» Dataset entries
╔══
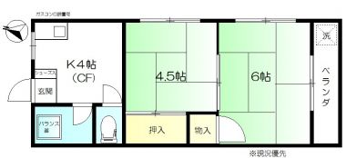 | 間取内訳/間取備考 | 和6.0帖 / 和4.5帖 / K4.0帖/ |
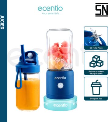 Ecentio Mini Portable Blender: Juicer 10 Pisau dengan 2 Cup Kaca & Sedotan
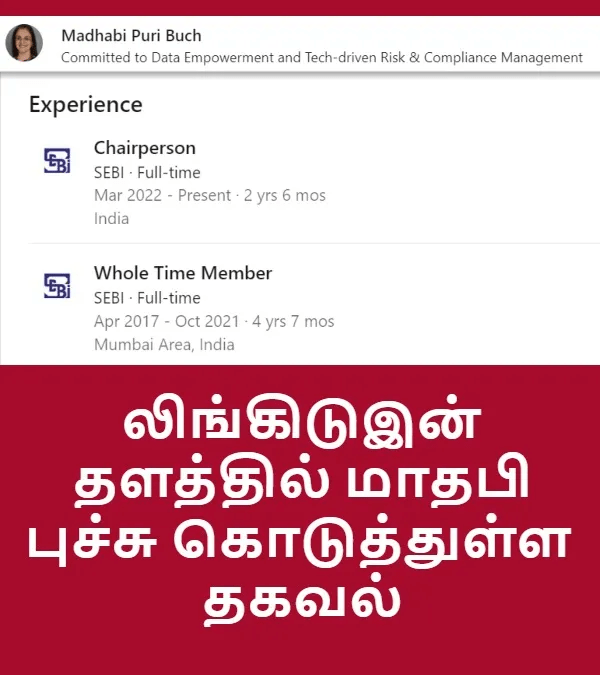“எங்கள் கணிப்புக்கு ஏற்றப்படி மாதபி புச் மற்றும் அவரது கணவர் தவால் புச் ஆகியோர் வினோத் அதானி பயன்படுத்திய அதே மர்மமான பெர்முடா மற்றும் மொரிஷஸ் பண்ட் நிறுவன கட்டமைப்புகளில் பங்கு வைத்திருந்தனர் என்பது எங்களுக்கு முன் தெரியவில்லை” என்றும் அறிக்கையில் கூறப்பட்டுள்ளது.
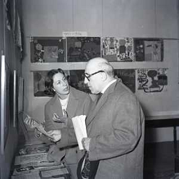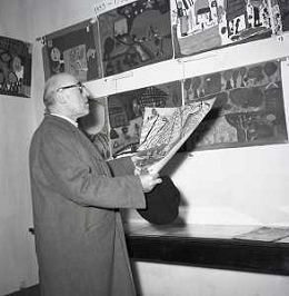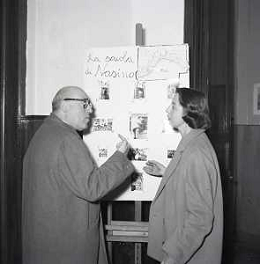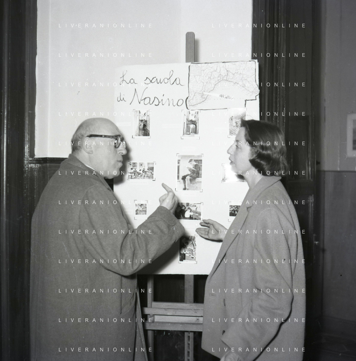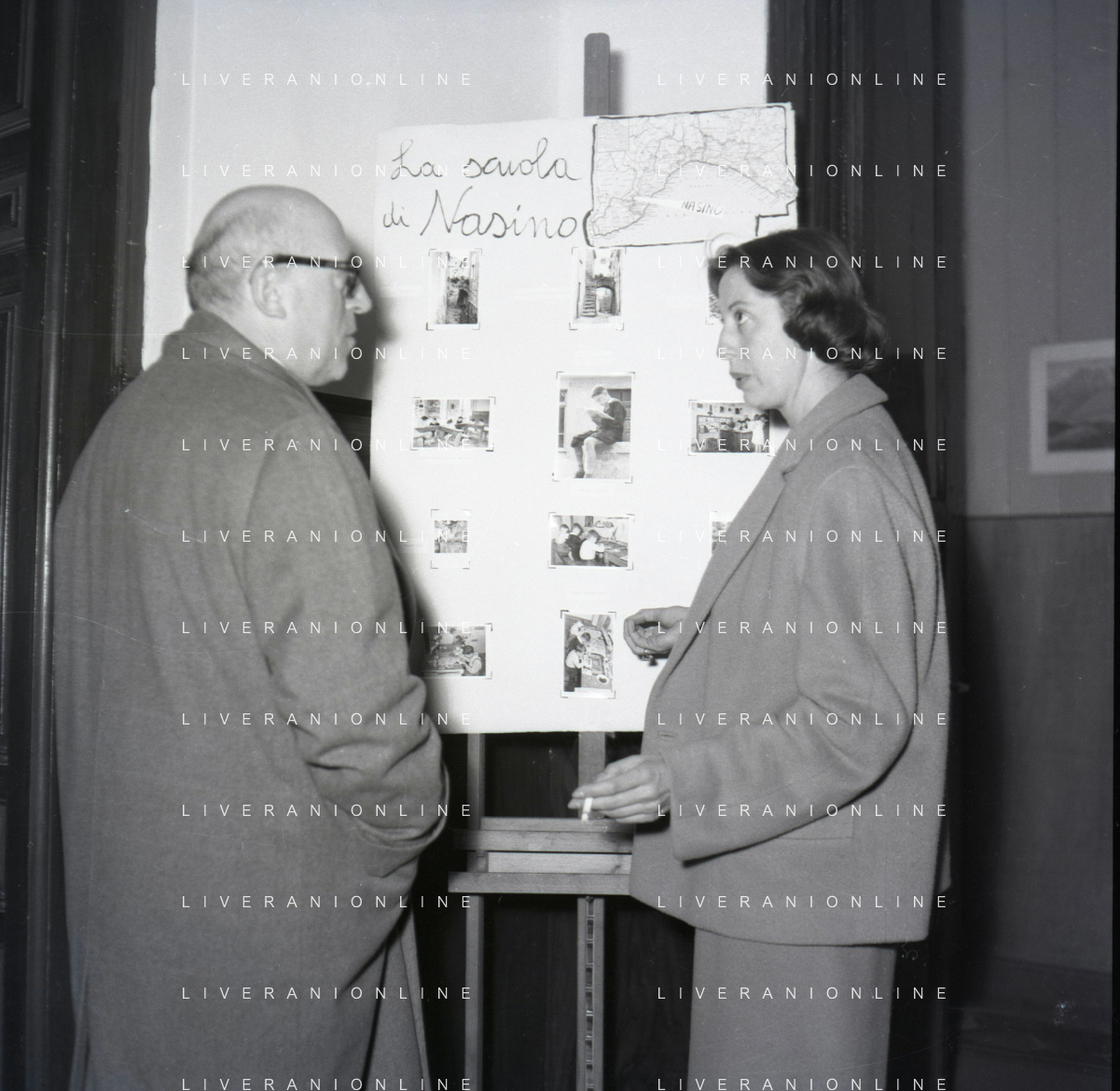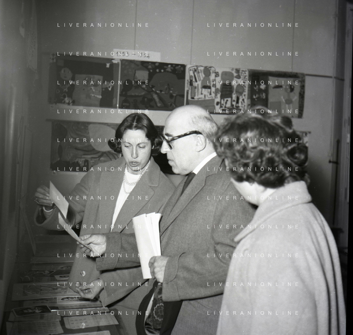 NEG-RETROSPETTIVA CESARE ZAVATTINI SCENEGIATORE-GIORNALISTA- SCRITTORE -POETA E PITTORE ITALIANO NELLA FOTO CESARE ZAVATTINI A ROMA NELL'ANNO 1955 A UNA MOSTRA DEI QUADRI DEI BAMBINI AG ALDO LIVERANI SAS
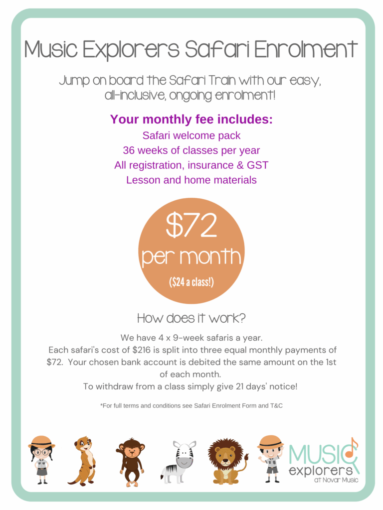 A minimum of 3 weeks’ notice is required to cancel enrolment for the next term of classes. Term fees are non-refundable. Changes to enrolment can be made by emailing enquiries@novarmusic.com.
╚══
Please keep every line of the data the same when you reproduce it, and keep every picture out.

 | 間取内訳/間取備考 | 和6.0帖 / 和4.5帖 / K4.0帖/ |
 Ecentio Mini Portable Blender: Juicer 10 Pisau dengan 2 Cup Kaca & Sedotan
“எங்கள் கணிப்புக்கு ஏற்றப்படி மாதபி புச் மற்றும் அவரது கணவர் தவால் புச் ஆகியோர் வினோத் அதானி பயன்படுத்திய அதே மர்மமான பெர்முடா மற்றும் மொரிஷஸ் பண்ட் நிறுவன கட்டமைப்புகளில் பங்கு வைத்திருந்தனர் என்பது எங்களுக்கு முன் தெரியவில்லை” என்றும் அறிக்கையில் கூறப்பட்டுள்ளது.
 NEG-RETROSPETTIVA CESARE ZAVATTINI SCENEGIATORE-GIORNALISTA- SCRITTORE -POETA E PITTORE ITALIANO NELLA FOTO CESARE ZAVATTINI A ROMA NELL'ANNO 1955 A UNA MOSTRA DEI QUADRI DEI BAMBINI AG ALDO LIVERANI SAS
 A minimum of 3 weeks’ notice is required to cancel enrolment for the next term of classes. Term fees are non-refundable. Changes to enrolment can be made by emailing enquiries@novarmusic.com.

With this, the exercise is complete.